§ **What to produce**
Quote only the span from the first line of the entries to the line containing "打开灯以后,惊奇地发现这个小", both ends kept. Leave every picture out.

§ **Source material**

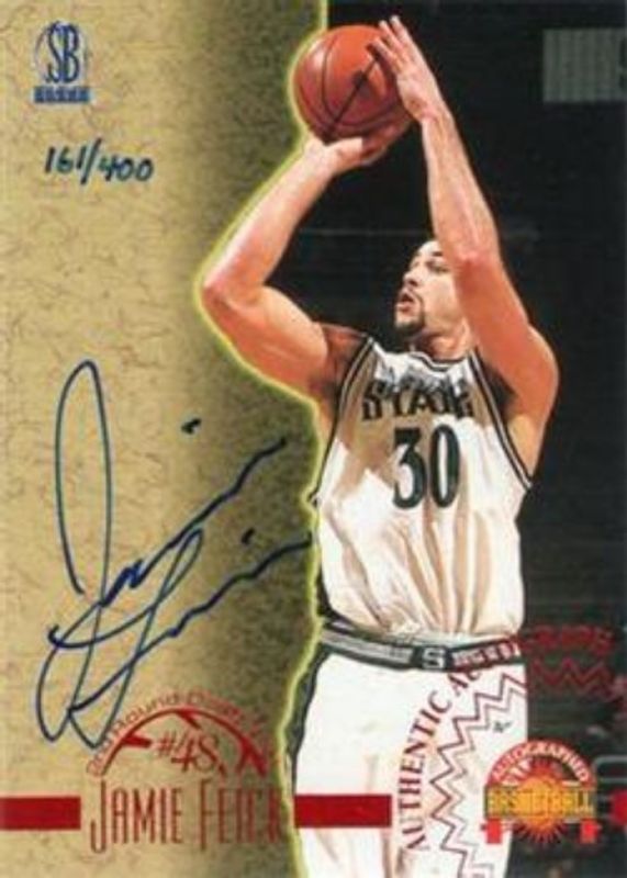 The Jamie Feick 1996 Score Board Autographed Autographs - Red /400 card is 1 of 4 Jamie Feick's card variations in the 1996 Score Board Autographed set being tracked by Sports Card Investor, including Base, Autographs, and Autographs - Silver /325.
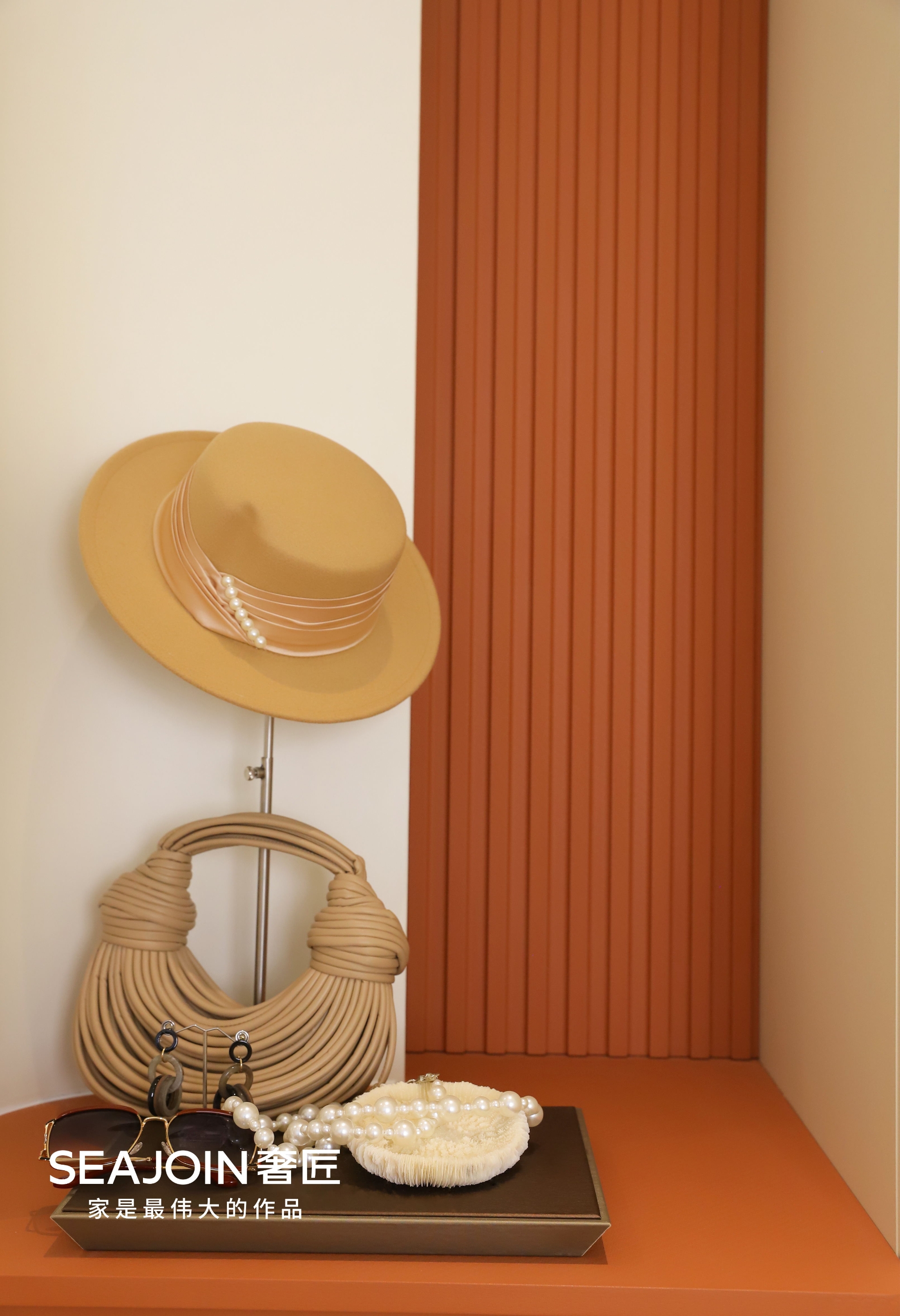 打開通透且有質(zhì)感的玻璃門就是衣帽間,在這里材質(zhì)、工藝、色彩相互碰撞融合。
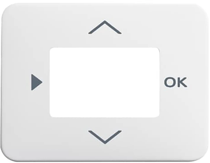 Centraalplaat voor comforttimerbedieningselement 6455-101, standaardtimerbedieningselement 6456-101, kamerthermostaat 1098 U(F)-101, countdowntimer 6465 U-101 en ruimteluchtsensor CO2 1091 U, a-albast/studiowit. |
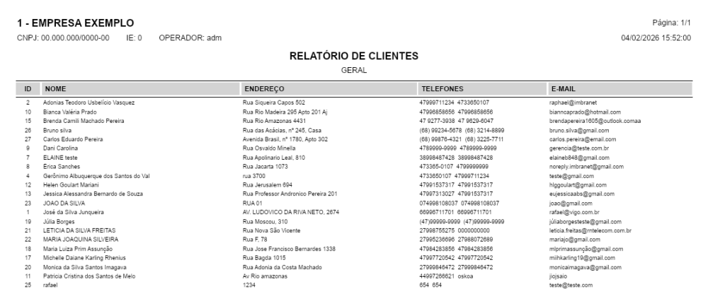 Passo 3: Visualize o relatório gerado, contendo a relação de e-mails cadastrados, com informações como nome do cliente, e-mail e demais dados do cadastro, conforme os filtros aplicados.
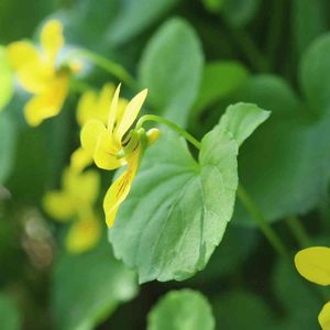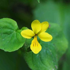 高山草原の花、今年初めて出会った2種目の黄スミレ、丸い薄っぺらな葉も独特 三ノ峰稜線
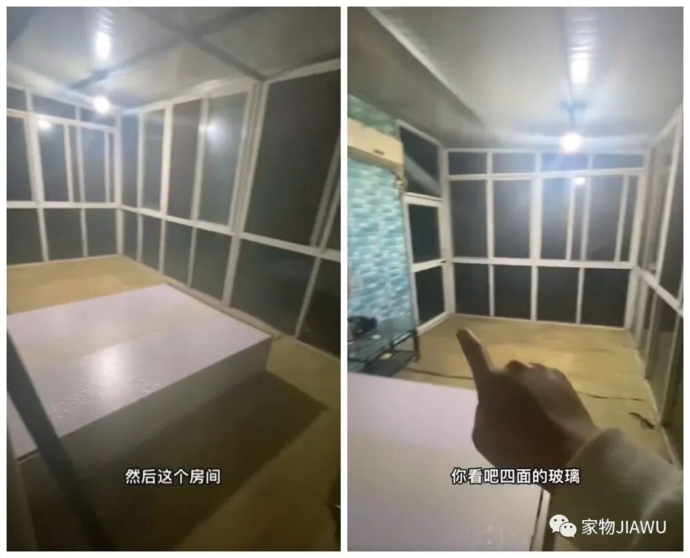 打开灯以后,惊奇地发现这个小房子里四面都有窗户,但一扇扇窗户的框架,却仿佛是栏杆一般,显得有些奇怪,难怪这位老哥称其为“纯狱风”了。
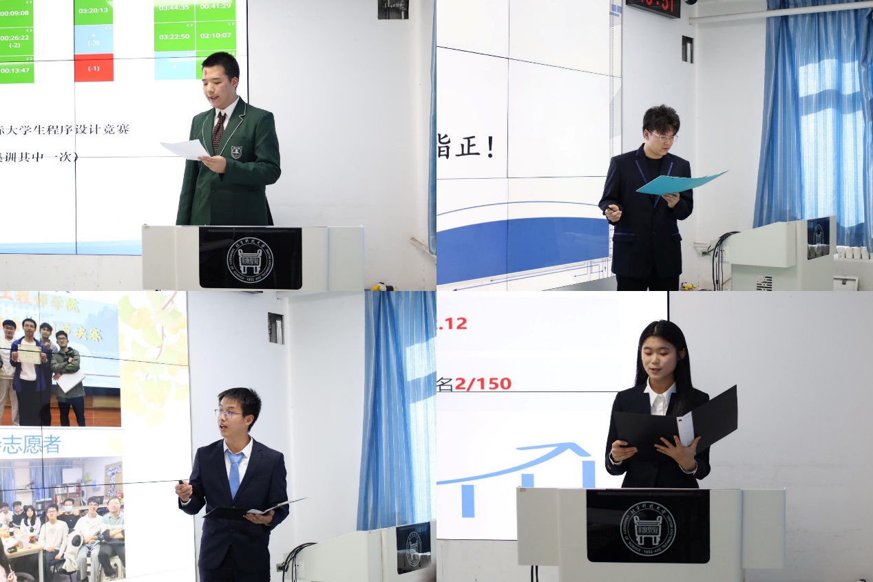答辩环节开始后,答辩选手依次登台,围绕学业成绩、员工工作、科研竞赛、师生互动及日常生活等维度,系统地呈现了上学期的成长轨迹与阶段收获。评委们对答辩内容进行针对性提问、专业点评与建设性指导,在互动中深化育人实效。
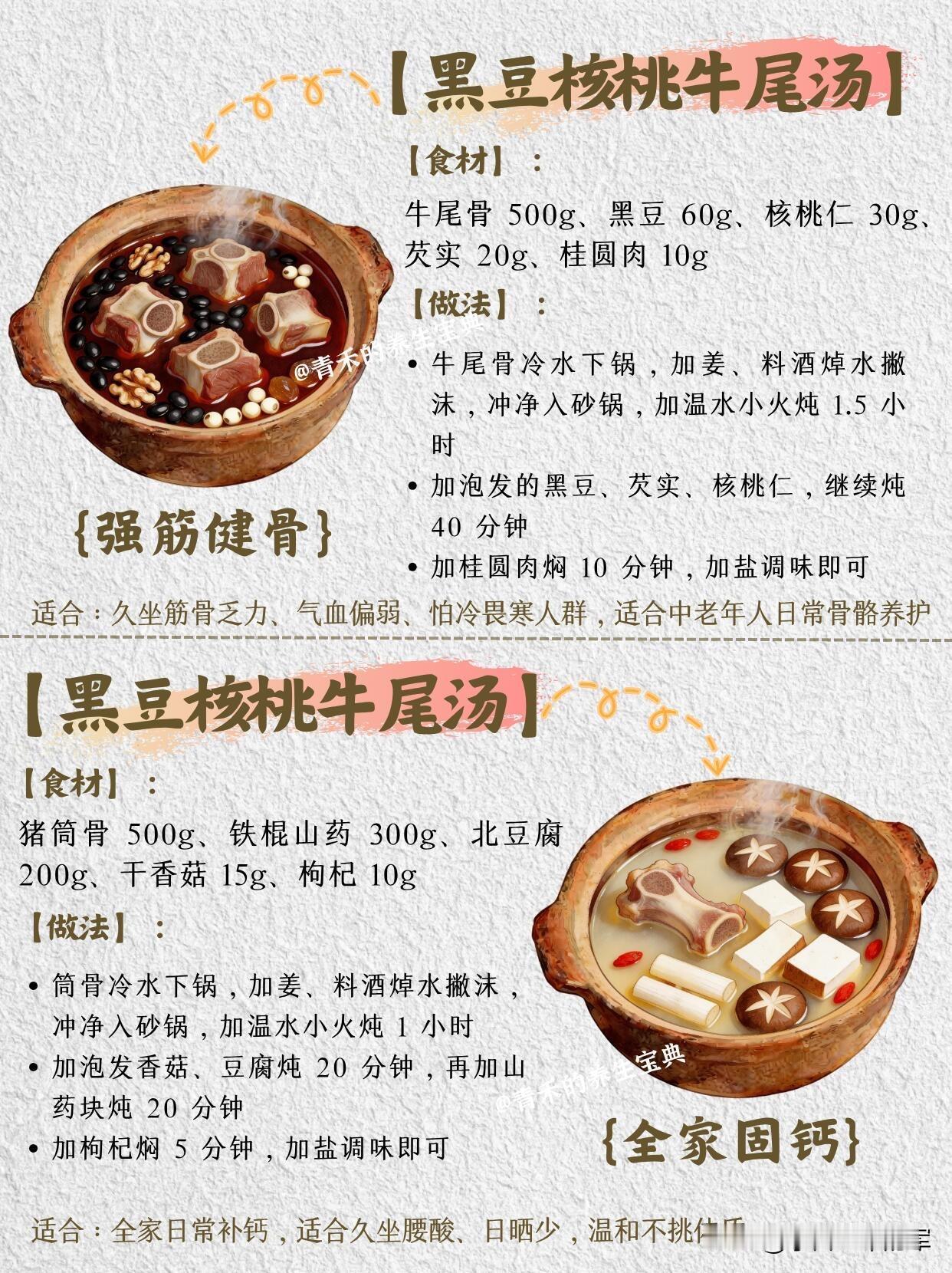 1. 黑豆核桃牛尾汤(强筋健骨)
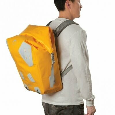 This yellow waterproof DryZone Backpack 40L from Lowepro can hold a DSLR with an attached 70-200 f/2.8 lens, two extra lenses, a flash, and accessories. It is made of a lightweight 210D TPU tarpaulin and features a waterproof rating of IPX-6, which indicates that the backpack is protected against high pressure water streams.

§ **Exercise solution**
 The Jamie Feick 1996 Score Board Autographed Autographs - Red /400 card is 1 of 4 Jamie Feick's card variations in the 1996 Score Board Autographed set being tracked by Sports Card Investor, including Base, Autographs, and Autographs - Silver /325.
 打開通透且有質(zhì)感的玻璃門就是衣帽間,在這里材質(zhì)、工藝、色彩相互碰撞融合。
 Centraalplaat voor comforttimerbedieningselement 6455-101, standaardtimerbedieningselement 6456-101, kamerthermostaat 1098 U(F)-101, countdowntimer 6465 U-101 en ruimteluchtsensor CO2 1091 U, a-albast/studiowit. |
 Passo 3: Visualize o relatório gerado, contendo a relação de e-mails cadastrados, com informações como nome do cliente, e-mail e demais dados do cadastro, conforme os filtros aplicados.
 高山草原の花、今年初めて出会った2種目の黄スミレ、丸い薄っぺらな葉も独特 三ノ峰稜線
 打开灯以后,惊奇地发现这个小房子里四面都有窗户,但一扇扇窗户的框架,却仿佛是栏杆一般,显得有些奇怪,难怪这位老哥称其为“纯狱风”了。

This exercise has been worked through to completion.